[Activity] Would you please transcribe the listing exactly, with no images?

[Stored data]
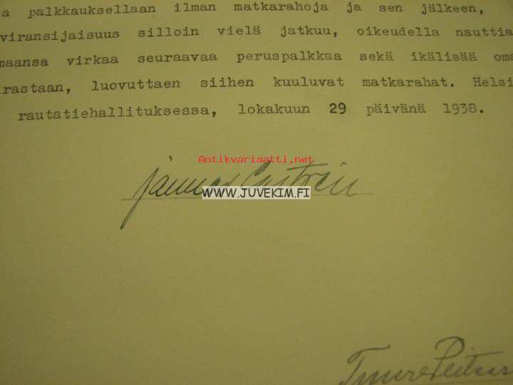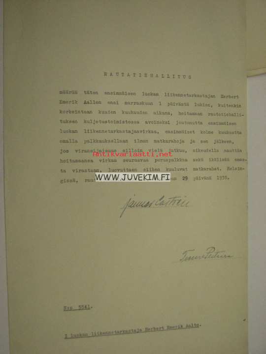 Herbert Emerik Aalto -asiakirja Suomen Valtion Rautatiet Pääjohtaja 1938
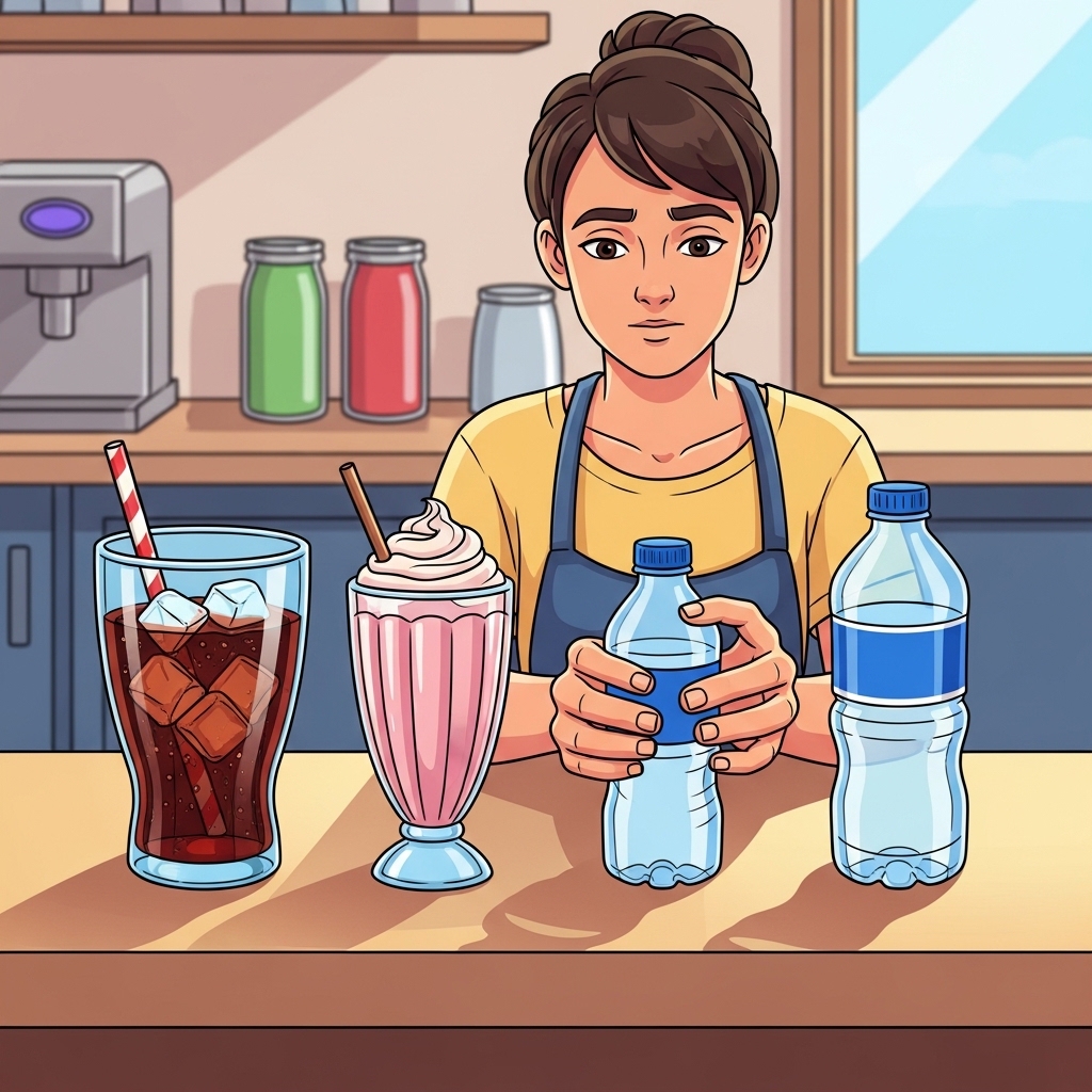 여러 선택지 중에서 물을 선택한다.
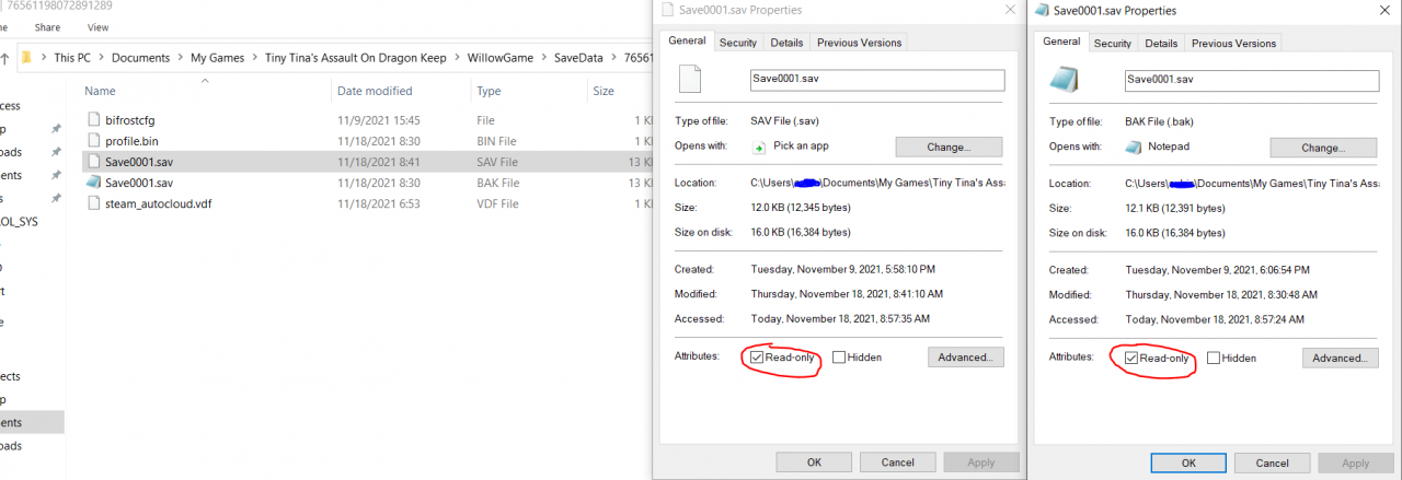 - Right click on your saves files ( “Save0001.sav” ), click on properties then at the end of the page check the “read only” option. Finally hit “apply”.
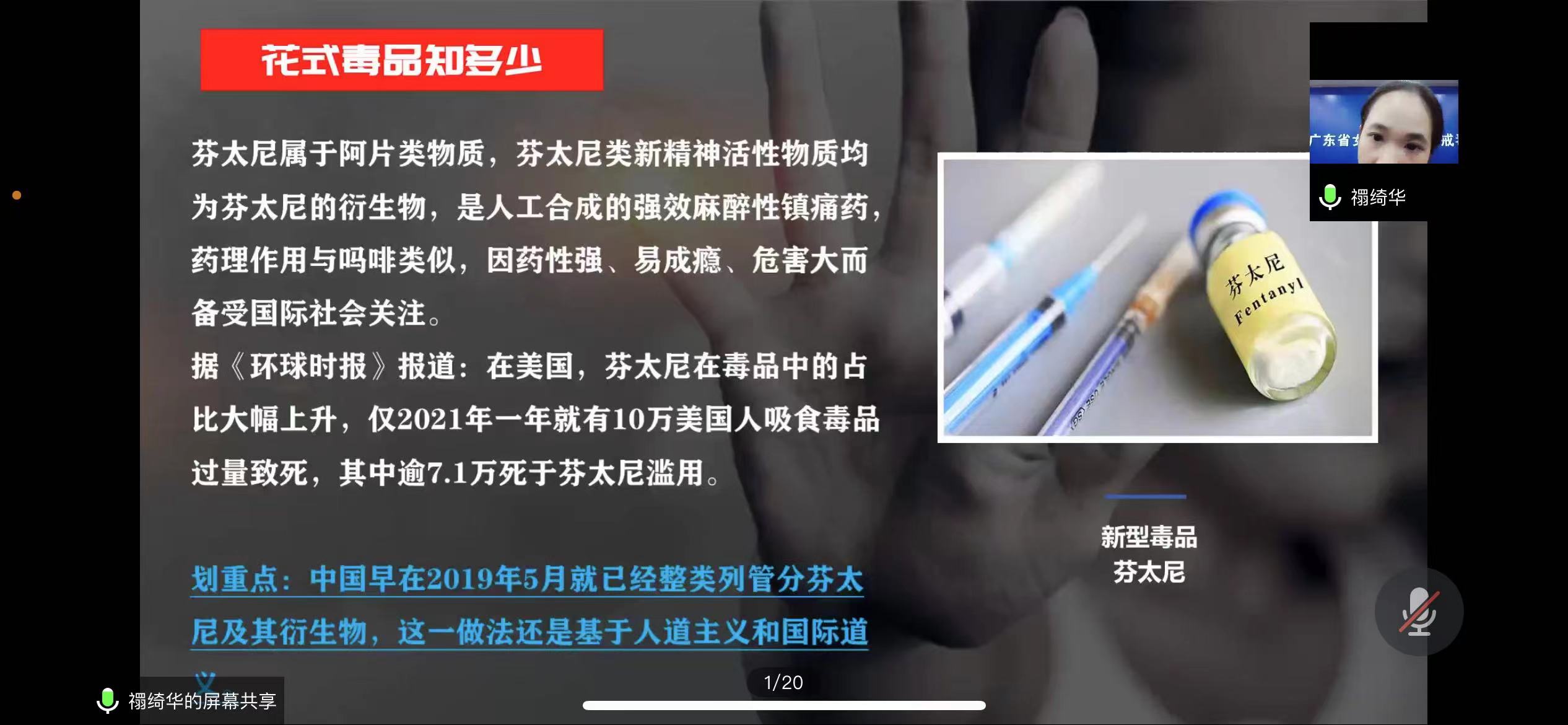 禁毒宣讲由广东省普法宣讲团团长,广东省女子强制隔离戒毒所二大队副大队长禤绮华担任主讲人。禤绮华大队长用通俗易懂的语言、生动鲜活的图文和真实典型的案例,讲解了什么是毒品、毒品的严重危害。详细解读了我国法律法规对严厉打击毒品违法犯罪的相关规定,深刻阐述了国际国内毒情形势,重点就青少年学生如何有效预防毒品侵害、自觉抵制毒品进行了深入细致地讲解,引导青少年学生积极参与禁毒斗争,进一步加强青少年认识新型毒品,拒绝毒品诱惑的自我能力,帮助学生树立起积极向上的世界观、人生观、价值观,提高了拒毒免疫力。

[Task solution]
 Herbert Emerik Aalto -asiakirja Suomen Valtion Rautatiet Pääjohtaja 1938
 여러 선택지 중에서 물을 선택한다.
 - Right click on your saves files ( “Save0001.sav” ), click on properties then at the end of the page check the “read only” option. Finally hit “apply”.
 禁毒宣讲由广东省普法宣讲团团长,广东省女子强制隔离戒毒所二大队副大队长禤绮华担任主讲人。禤绮华大队长用通俗易懂的语言、生动鲜活的图文和真实典型的案例,讲解了什么是毒品、毒品的严重危害。详细解读了我国法律法规对严厉打击毒品违法犯罪的相关规定,深刻阐述了国际国内毒情形势,重点就青少年学生如何有效预防毒品侵害、自觉抵制毒品进行了深入细致地讲解,引导青少年学生积极参与禁毒斗争,进一步加强青少年认识新型毒品,拒绝毒品诱惑的自我能力,帮助学生树立起积极向上的世界观、人生观、价值观,提高了拒毒免疫力。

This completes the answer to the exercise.